Yes, there seems to be something wrong here. I'm looking into it. it seems like the weak hits found, but not shown. Thanks for reporting the issue.
There is something wrong here, but be aware that the weak_id
option may not work as expected. It is described here:
https://www.drive5.com/usearch/manual/weak_hits.html
It should only report weak hits as long as it is still scanning for true hits. Scanning will be terminated when the specified maximum number of accepted or rejected hits (specified with maxaccepts
and maxrejects
) has been reached . The results of using weak_id
are therefore somewhat unpredictable. It's probably only useful to see if there are may be any weak hits as long as there are no true hits.
In the example above there is a true hit, and as long as maxaccepts
is not more than 1, the weak hit will usually not be reported (unless rare cases where it is found before the true hit).
It does not seem like usearch supports the weak_id
option anymore, at least it seems to be ignored in version 11.0.667.
I think it should work as intended with the latest commit (768da2f), but note that one needs to remove s1 or increase maxaccepts
in the example above to see the weak hit.

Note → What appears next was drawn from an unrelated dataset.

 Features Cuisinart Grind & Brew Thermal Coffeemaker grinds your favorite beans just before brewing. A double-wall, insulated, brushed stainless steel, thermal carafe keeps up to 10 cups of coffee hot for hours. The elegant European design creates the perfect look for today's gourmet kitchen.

Thanks for working on this! For clarity, do hits with a %id below --id but above --weak_id count towards --maxrejects? In practice, using the --weak_id parameter to effectively manage search efficiency would seem to require something like a --max_weak_hits parameter. I would imagine most users of this feature want to stop searching quickly if a hit above --id is found, but would not want maxrejects to be the only stopping heuristic for weak hits since maxrejects is usually set significantly higher than maxaccepts.

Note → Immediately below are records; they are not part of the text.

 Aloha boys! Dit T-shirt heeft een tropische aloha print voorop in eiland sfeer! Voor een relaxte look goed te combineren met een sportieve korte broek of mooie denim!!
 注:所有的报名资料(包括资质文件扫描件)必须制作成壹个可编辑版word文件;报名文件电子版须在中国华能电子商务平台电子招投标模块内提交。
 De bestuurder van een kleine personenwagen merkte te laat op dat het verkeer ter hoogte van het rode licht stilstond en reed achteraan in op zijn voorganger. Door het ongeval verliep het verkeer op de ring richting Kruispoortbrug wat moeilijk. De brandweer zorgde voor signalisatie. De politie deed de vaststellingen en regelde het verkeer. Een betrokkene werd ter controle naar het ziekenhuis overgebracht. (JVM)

Yes, hits below id counts towards maxrejects.
Yes, hits below id counts towards maxrejects.
corresponding tests have been added to our test-suite (see https://github.com/frederic-mahe/vsearch-tests/commit/865e95f8555218ce98603e10046afd7c5ebbae5e), and I've also modified a bit the description of --weak_id
in the manpage https://github.com/torognes/vsearch/commit/452a5e1dd03b6af8bb677391d00df8b98f6d9a09
I am closing that issue, @dleopold thanks for reporting that issue.
I am testing the --weak_id parameter for usearch_global, but it does not appear to be working. When I run a query with --id 0.85 I get ~10,000 of my query sequences matching my database. When I use --id 0.95 and --weak_id 0.85 I only get ~8,000 matches, which is the same as using just --id 0.95 without the weak_id parameter. I may be misinterpreting the way this parameter is supposed to work, but this does not seem right to me.